On 10/17/18 12:27 PM, Nicholas Wilson wrote:
On Wednesday, 17 October 2018 at 15:51:04 UTC, Steven Schveighoffer wrote:
On 10/17/18 9:58 AM, Nicholas Wilson wrote:
On Wednesday, 17 October 2018 at 13:25:28 UTC, Steven Schveighoffer wrote:
It's identical to the top one. You now have a new unshared reference to shared data.
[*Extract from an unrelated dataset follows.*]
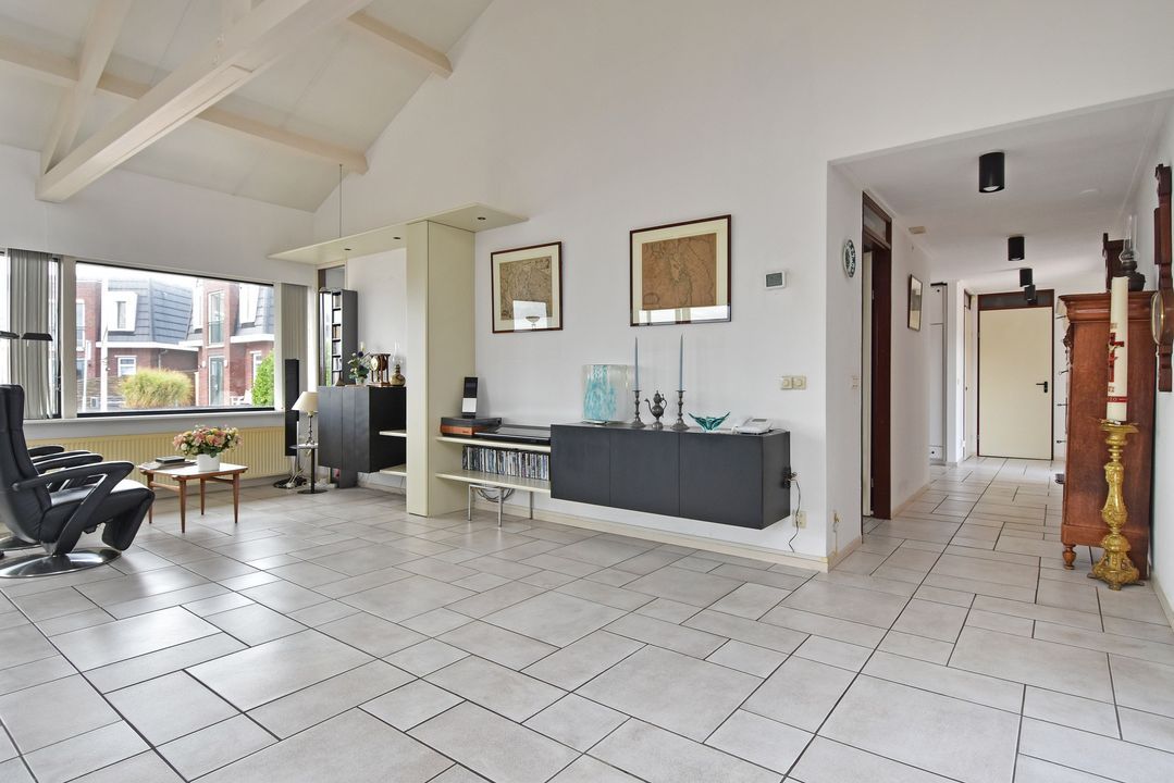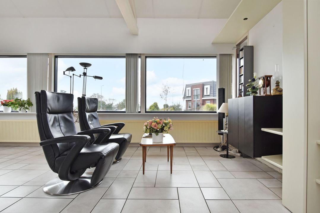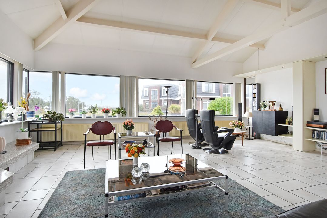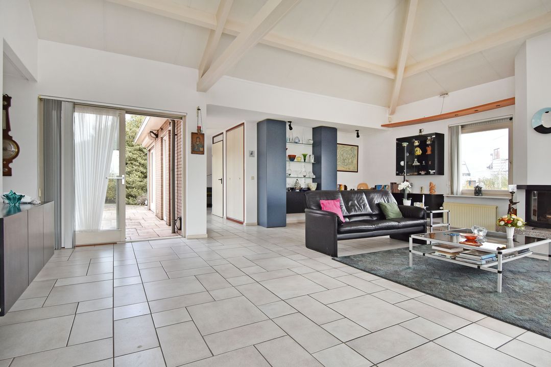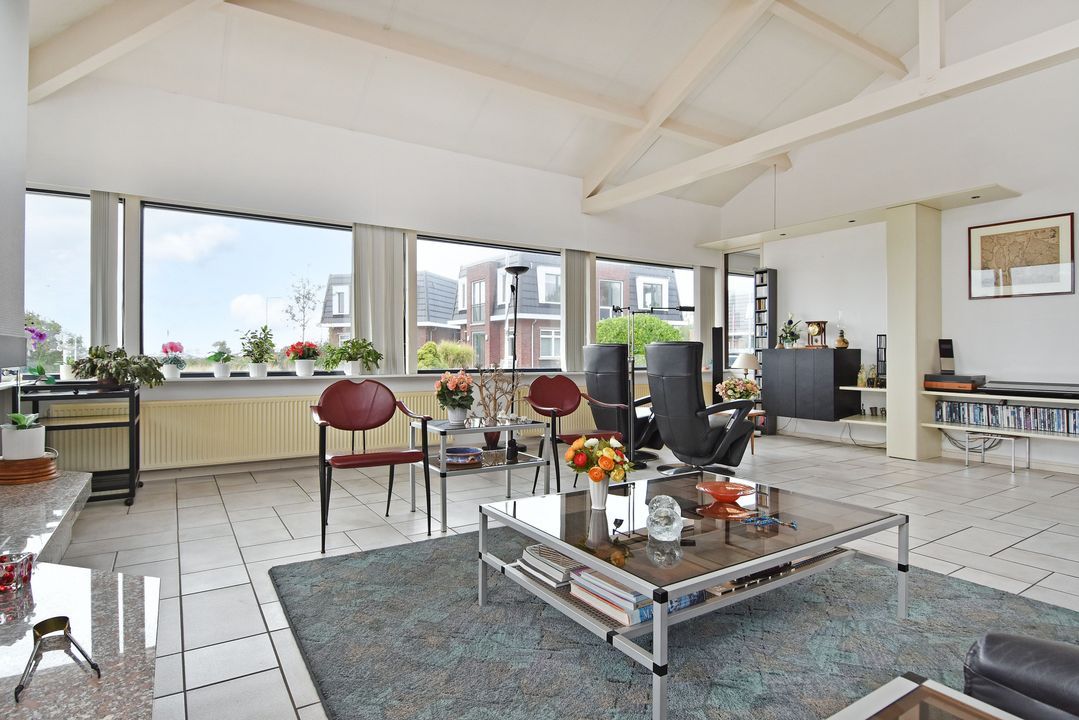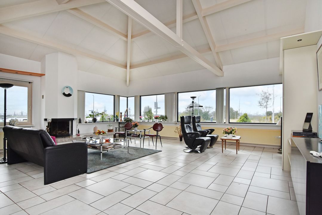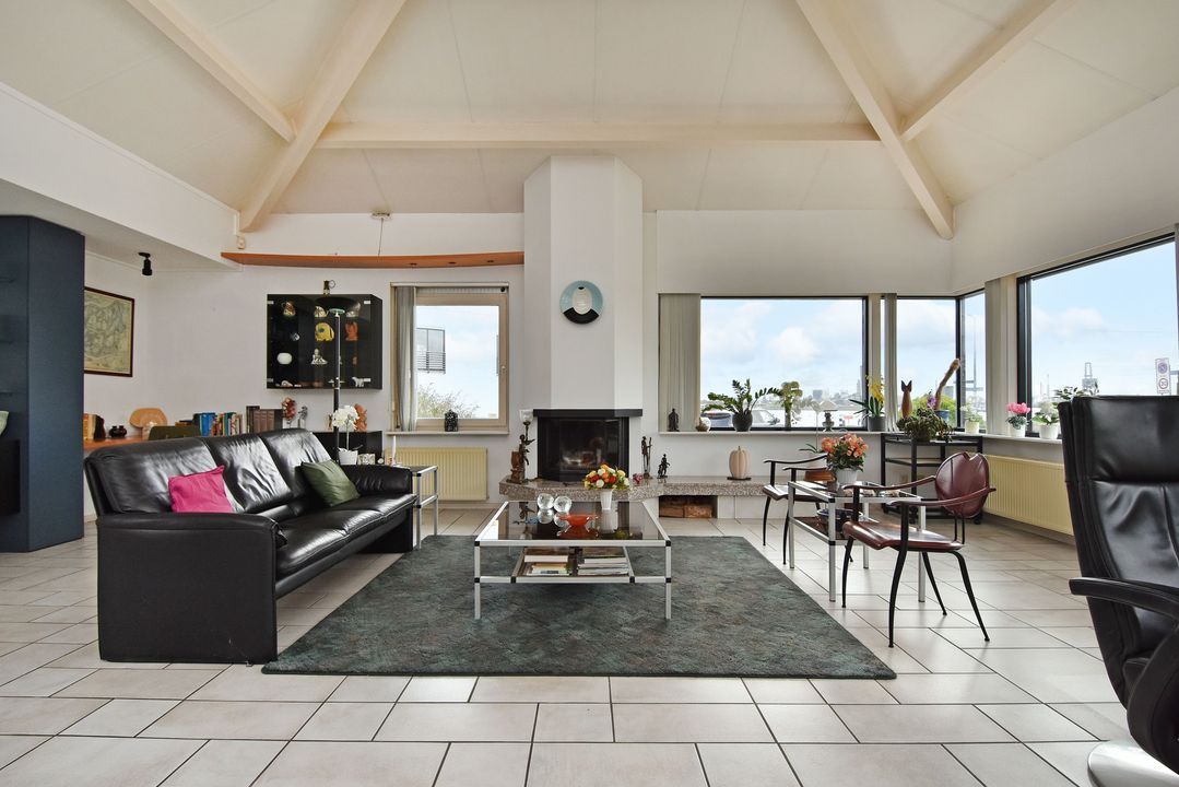 De royale woonkamer is een heerlijke leefruimte met een sfeervolle open haard, keramische vloertegels, een indrukwekkende nokhoogte van 4,55 meter en grote raampartijen die zorgen voor een overvloed aan daglicht én een panoramisch uitzicht op de haven en de scheepvaart op de Nieuwe Waterweg.

This is done WITHOUT any agreed-upon synchronization.

It isn't, you typo'd it (I originally missed it too).
int *p3 = cast(int*)p2;

vs

int *p3 = p;

It wasn't a typo.

The first example assigns p2, the second assigns p (which is thread local) _not_ p2 (which is shared), I'm confused.


Here they are again:

int *p;
shared int *p2 = p;
int *p3 = cast(int*)p2;

int *p;
shared int *p2 = p;
int *p3 = p;


I'll put some asserts in that show they accomplish the same thing:

assert(p3 is p2);
assert(p3 is p);
assert(p2 is p);

What the example demonstrates is that while you are trying to disallow implicit casting of a shared pointer to an unshared pointer, you have inadvertently allowed it by leaving behind an unshared pointer that is the same thing.

While we do implicitly allow mutable to cast to const, it's because const is a weak guarantee. It's a guarantee that the data may not change via *this* reference, but could change via other references.

Shared doesn't have the same characteristics. In order for a datum to be safely shared, it must be accessed with synchronization or atomics by ALL parties. If you have one party that can simply change it without those, you will get races.

That's why shared/unshared is more akin to mutable/immutable than mutable/const.

It's true that only one thread will have thread-local access. It's not valid any more than having one mutable alias to immutable data.